Он вцепился в свой плащ, как ребенок в любимую игрушку.
А ведь на самом деле Лукас терпеть не могла соглядатаев из окружной полиции. И будь на месте Лена Харди любой другой офицер, она бы уже давно отправила его куда подальше. Ей не хватало терпения ломать перед ними комедию, участвовать в межведомственных войнах или ублажать служащих, находившихся в подчинении у коррумпированных бюрократов, которые почти опустошили городскую казну. Но Лен Харди был для нее особенным. Она знала его тайну.

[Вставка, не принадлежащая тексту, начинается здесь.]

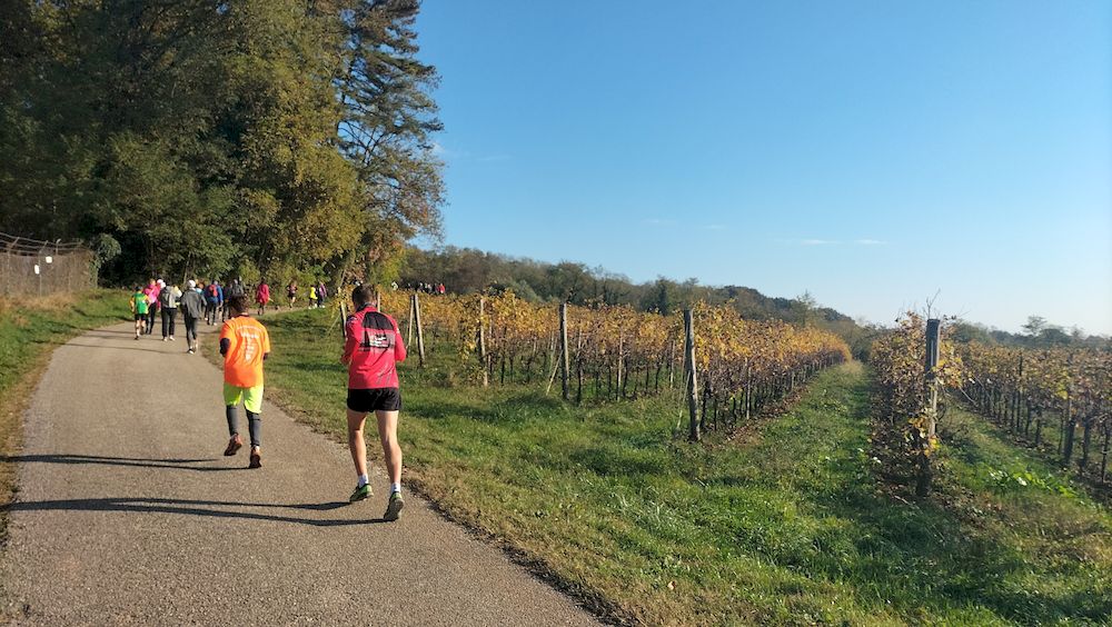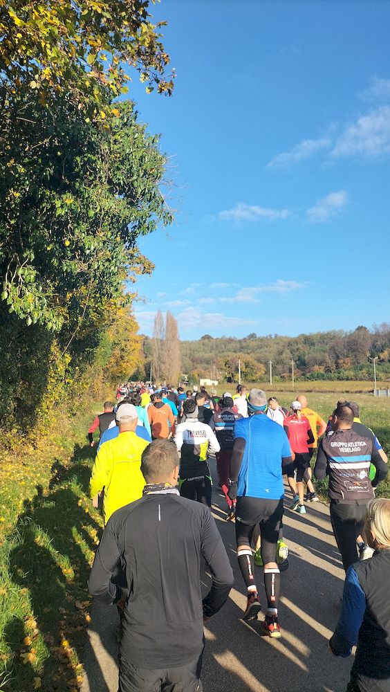 11 km e la mezza maratona sui 21 km. Andrea e Gabriella in preparazione alla prossima Venice optano per un 21 km “di mantenimento” mentre tutti gli altri vanno per il percorso intermedio. Tracciati prevalentemente su strada asfaltata salvo qualche breve tratto di sterrato. Voto alla corsa e

Жена Харди находилась в коме после страшной аварии, когда неподалеку от Мекленберга ее джип вылетел со скользкой после дождя дороги и врезался в дерево.
Харди несколько раз за последние месяцы посещал местное отделение ФБР, чтобы дополнить статистические данные об уровне преступности в столичном округе, и подружился с Бетти – помощницей Лукас. Ей сначала показалось, что молодой человек просто флиртует с привлекательной девушкой, пока она случайно не подслушала его эмоциональный рассказ о своей жене и ее тяжелой травме.
Как и у самой Лукас, друзей у него почти не было. Она познакомилась с ним чуть поближе и узнала подробности о случившемся с Эммой. Несколько раз они вместе пили кофе в полицейском Мемориальном парке, находившемся рядом с ее офисом. Он был с ней откровенен, но до известной степени, предпочитая не изливать каждый раз душу.
И, зная о переживаемой им трагедии, понимая, как тяжко было бы ему оставаться одному дома в этот праздничный вечер, Лукас с радостью приняла его в свою группу, исполненная решимости не слишком обременять работой. Но это не значило, что Маргарет Лукас готова была поставить под угрозу успех операции, щадя чьи-либо эмоции.
Хороши, как песня…
– Мне не сидится на месте, – сказал Харди. – Хочется порвать этого гада на куски.
«Нет, – подумала она. – На самом деле ты хочешь отомстить судьбе или какой-то иной злой силе, которая расколола ваши с женой жизни на тысячу мелких осколков».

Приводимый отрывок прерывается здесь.